Hey, what's going on here? Lost all my karma, and now look at my status back down to assistant cook.


----------



## GB (Jul 12, 2005)

You are using a different username than you were using before. This one only has one e, but your other one has 2 e's. Try logging out and logging back in with Rainee as your username.


----------



## Raine (Jul 12, 2005)

That fixed it.  Not sure how all that happened. Raine is the name I first joined with, but never got a confirmation email, and it wouldn't let me log in using Raine. So I joined again using Rainee.


----------



## GB (Jul 12, 2005)

I can merge the two usernames into one if you want. Would you like me to do that and if so which username would you like to keep?


----------



## Andy M. (Jul 12, 2005)

... lie back on the couch and relax. 

Now, just how long have there been two of you sharing the same name?  

Hmmmmm.

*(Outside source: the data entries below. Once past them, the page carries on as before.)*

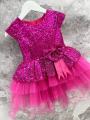 Платье пайетки, паетки фатин, розовое, малина.
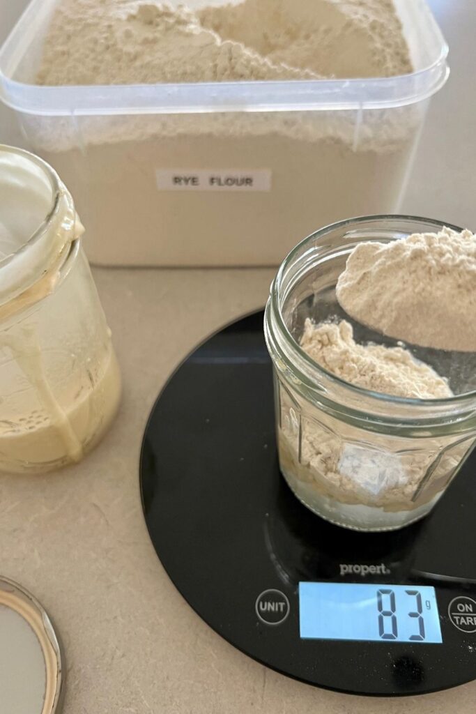 - Weigh out 25g of sourdough starter using a digital scale. Discard the rest of the starter (this can be used for discard recipes so long as your starter is at least 7 days old).
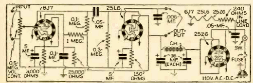 Este circuito se encontró en una publicación de 1943. Utiliza solo 3 entradas y tiene una buena sensibilidad de entrada. El circuito se alimenta directamente de la red eléctrica mediante una fuente de alimentación sin transformador.
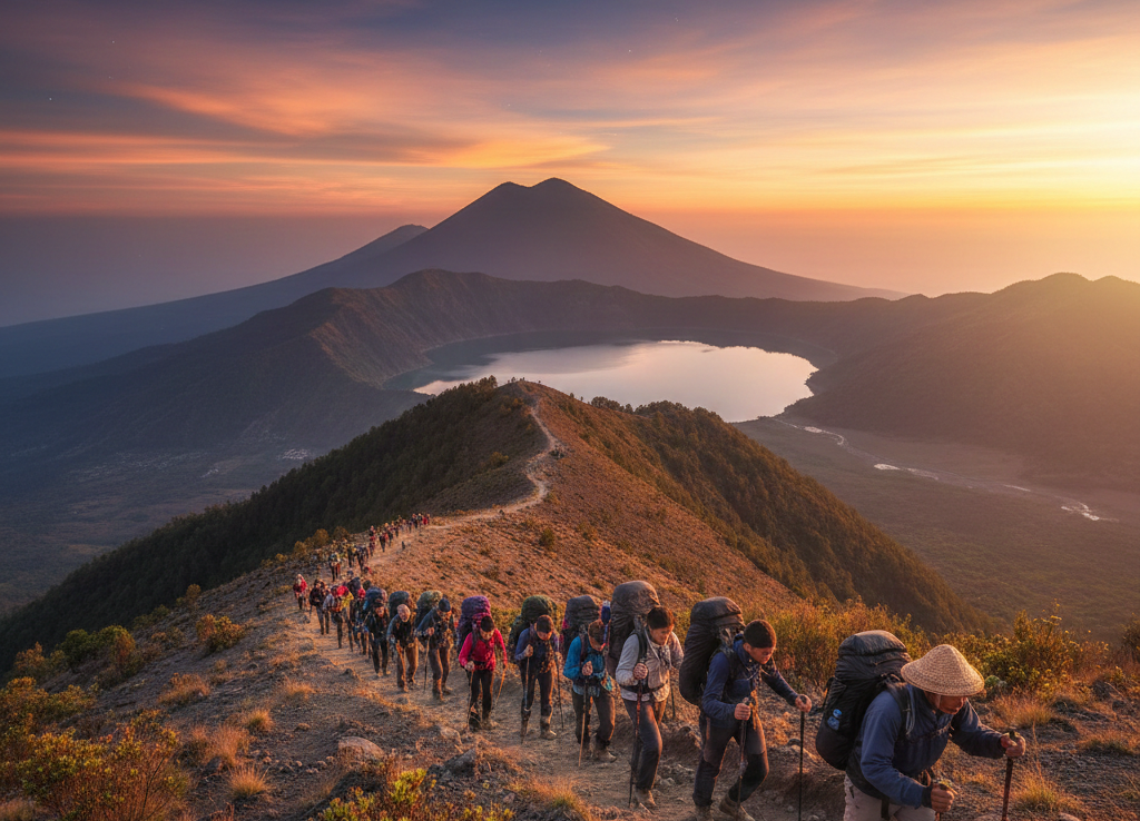 Saksikan fajar menyingsing di atas Samudera Hindia, dengan siluet Gunung Agung dan Tambora di kejauhan. Lepaskan lelah Anda di birunya Danau Segara Anak dan biarkan pemandian air panas alami menyembuhkan raga Anda. Ini bukan sekadar pendakian; ini adalah pertemuan intim dengan alam yang tak terlupakan.
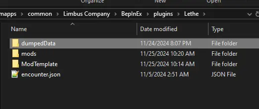 contains all the localization files that limbus uses. These folders can be found by going into path to limbuscompany\BepInEx\plugins\Lethe\..
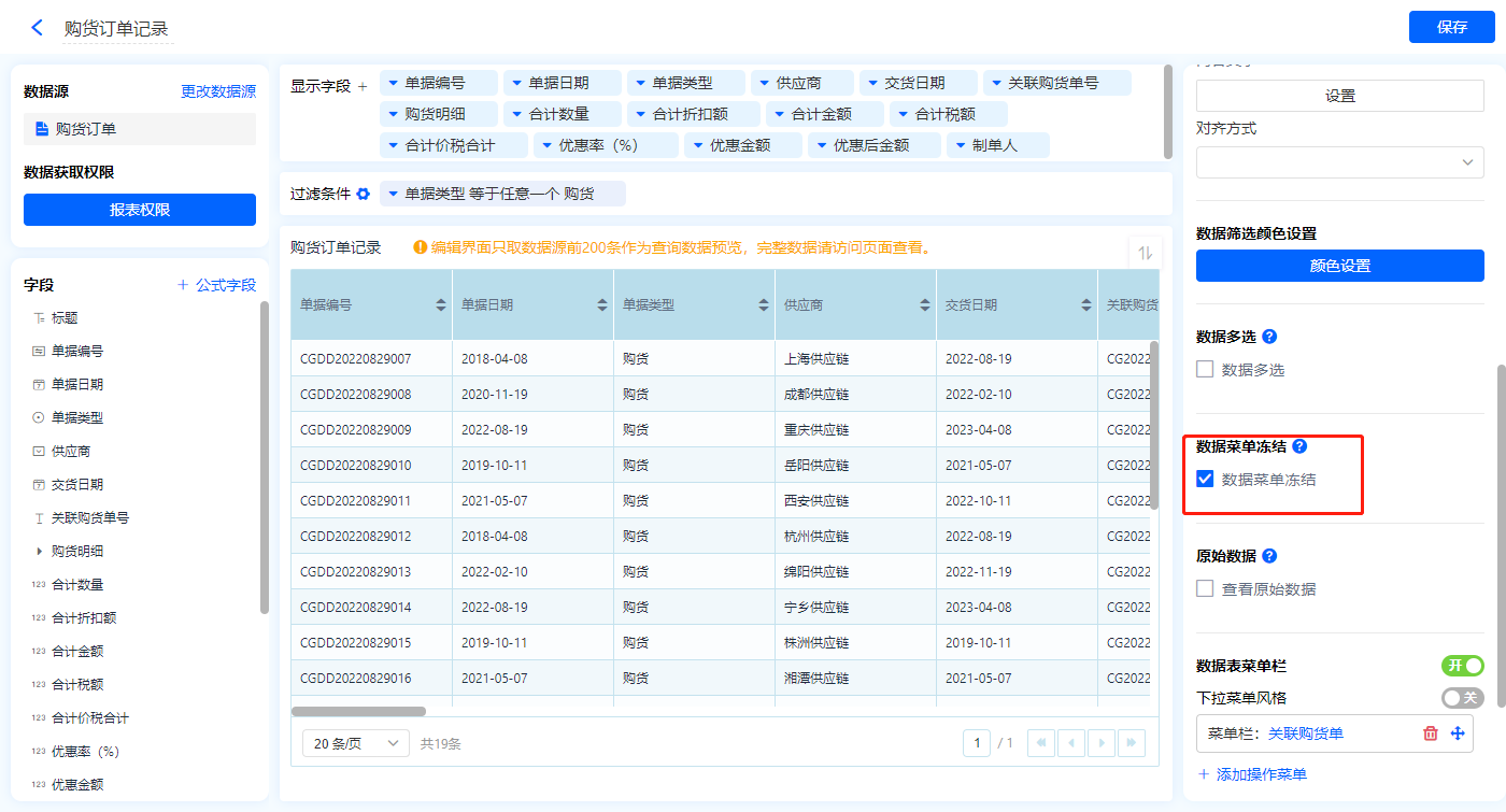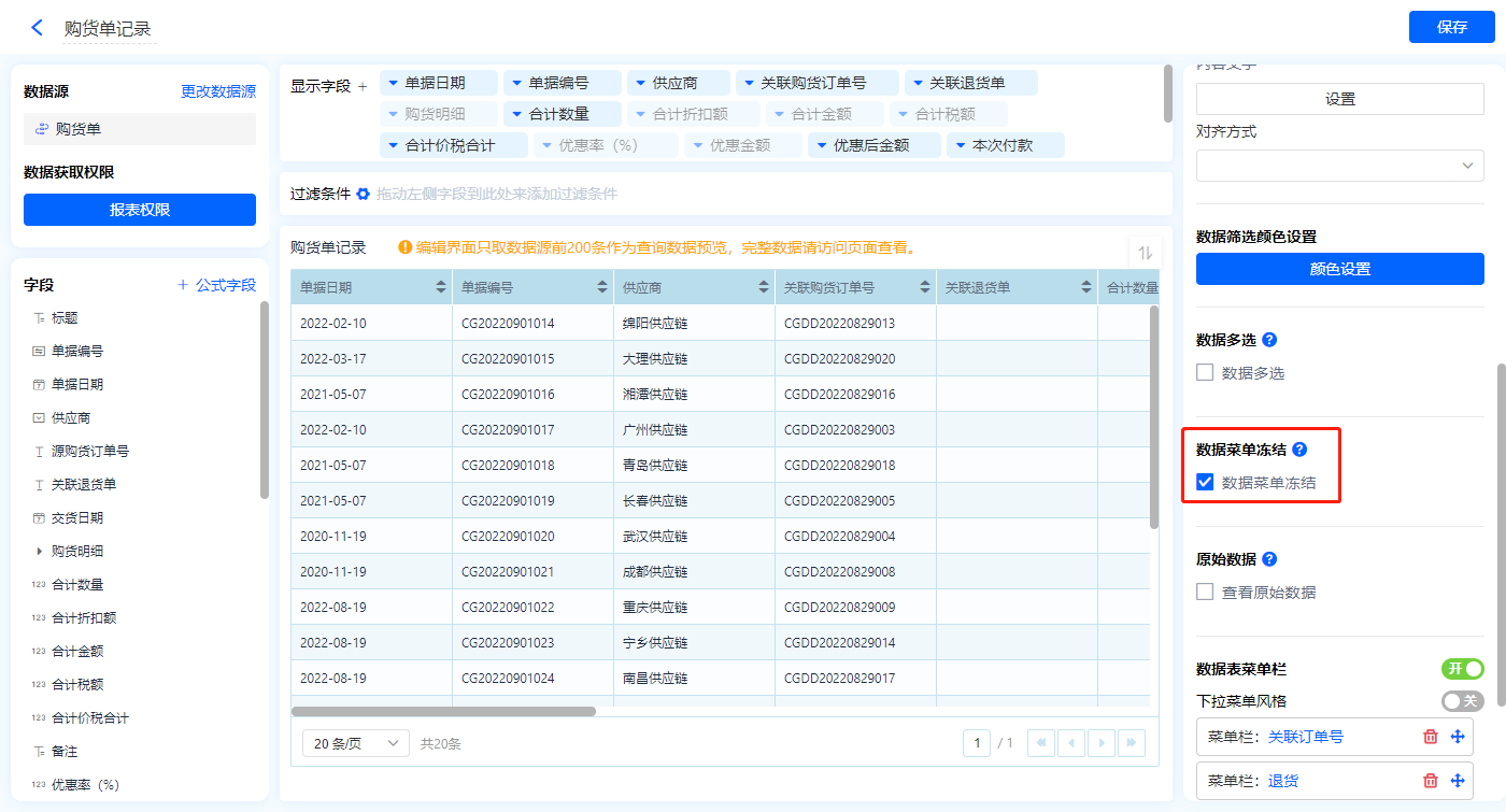 3)数据菜单冻结属性打钩,固定数据表菜单栏位置;

Verrrrrrrry Interrrrresting!


----------



## Raine (Jul 12, 2005)

Will it keep all my current status?

If so let's go with Raine.


Thanks a bunch!


----------



## GB (Jul 12, 2005)

It will. I have merged the accounts. Your username is now Raine.


----------



## texasgirl (Jul 12, 2005)

Andy M. said:
			
		

> ... lie back on the couch and relax.
> 
> Now, just how long have there been two of you sharing the same name?
> 
> Hmmmmm. Verrrrrrrry Interrrrresting!


----------



## kitchenelf (Jul 12, 2005)

Andy M. said:
			
		

> ... lie back on the couch and relax.
> 
> Now, just how long have there been two of you sharing the same name?
> 
> Hmmmmm. Verrrrrrrry Interrrrresting!



cute AndyM


----------



## amber (Jul 12, 2005)

Andy M. said:
			
		

> ... lie back on the couch and relax.
> 
> Now, just how long have there been two of you sharing the same name?
> 
> Hmmmmm. Verrrrrrrry Interrrrresting!


 
Ok, that made me laugh


----------